If this is still too much let me know and I'll try to
reproduce the error with simpler classes.  But here is
the code.

class Entity
{
        /// specify a trajectory strategy
        /// which is a shared pointer to a Trajectory
object specified below
        SetTrajectory(const TrajectoryPtr &T) {
trajectory = T; }
	/// delegates to the Trajectory strategy
	/// the updating the state
	virtual void UpdateState(double ellapsedTime=1)
	{
            t->UpdateState(state,ellapsedTime);
	}
private:
	EntityState state; ///< object to be modified
	TrajectoryPtr trajectory; /// this is a shared
pointer 
};

class Trajectory  /// interface that i want to inherit
in python
{	
public:
        /// note it takes the state as a reference
	virtual void UpdateState(EntityState& state, double
ellapsedTime) const  = 0;
};

I exposed the class using pyste and in python I'm
derived a class from it.

class HackedT(Trajectory):	
   def UpdateState(self, entitystate, ellapsedTime):
 	entitystate.position = gmtl.Point3d(-1,-1,-1)
 		

The problem is that when I do this in python:
target = Entity()
target.SetTrajectory(hackedT)
target.UpdateState()  # enventually calls the
HackedT's UpdateState, which modifies the state
print target.GetPosition()

I expect the result to be (-1,-1,-1) but instead its
coming out to be the original value (10,10,0).

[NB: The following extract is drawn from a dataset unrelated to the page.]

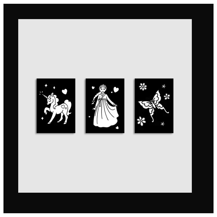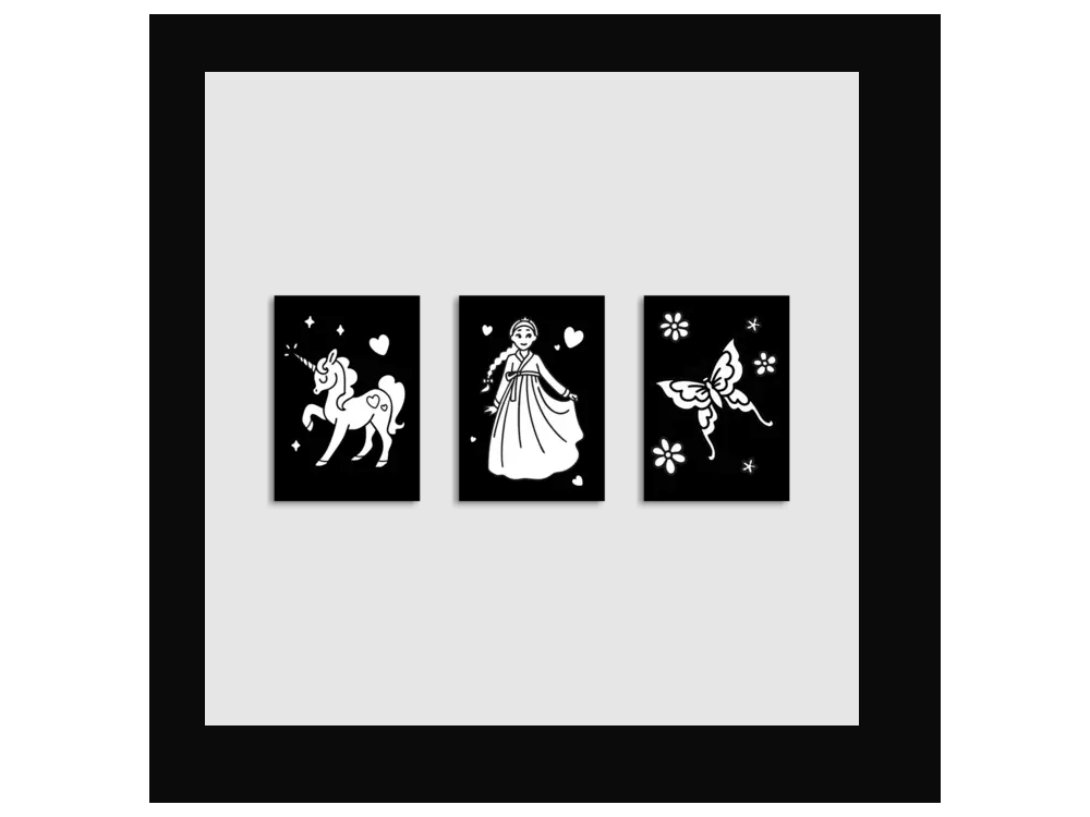 A készlet 3 különböző, előre perforált táblát tartalmaz tündérmese témában. A rózsaszín neon vezeték világításra kelti a motívumokat, így a kész alkotások nappal dekoratív képek, sötétben pedig hangulatos, világító díszek.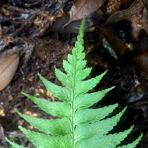 暖かい地域に生えるノコギリシダに近縁のシダ。 本種の方がずっと希少で、 冬に地上部を枯らす夏緑性なので、 質はより薄くペラペラしています。 また、 羽片の数はより少なく、 葉裏につく胞子のう群はより長く、 根茎が短めでまとまって葉を出します。 両者で雑種をよく作ります。 名前は愛媛県の旧国名である伊予と、 葉を広げる姿がクジャクの羽に似ていることが由来です。

However, if I use Trajectory objects created from C++
then the state is modified.

Also, if I call the function directly it modifies the
state.

s = EntityState() ## by default s.position = (0,0,0)
hackedT.UpdateState(s,1)
print s.position ## returns (-1,-1,-1)


Is this a bug in Boost Python or do I have to specify
some policy or something to make this work?  Let me
know if you need additional information.  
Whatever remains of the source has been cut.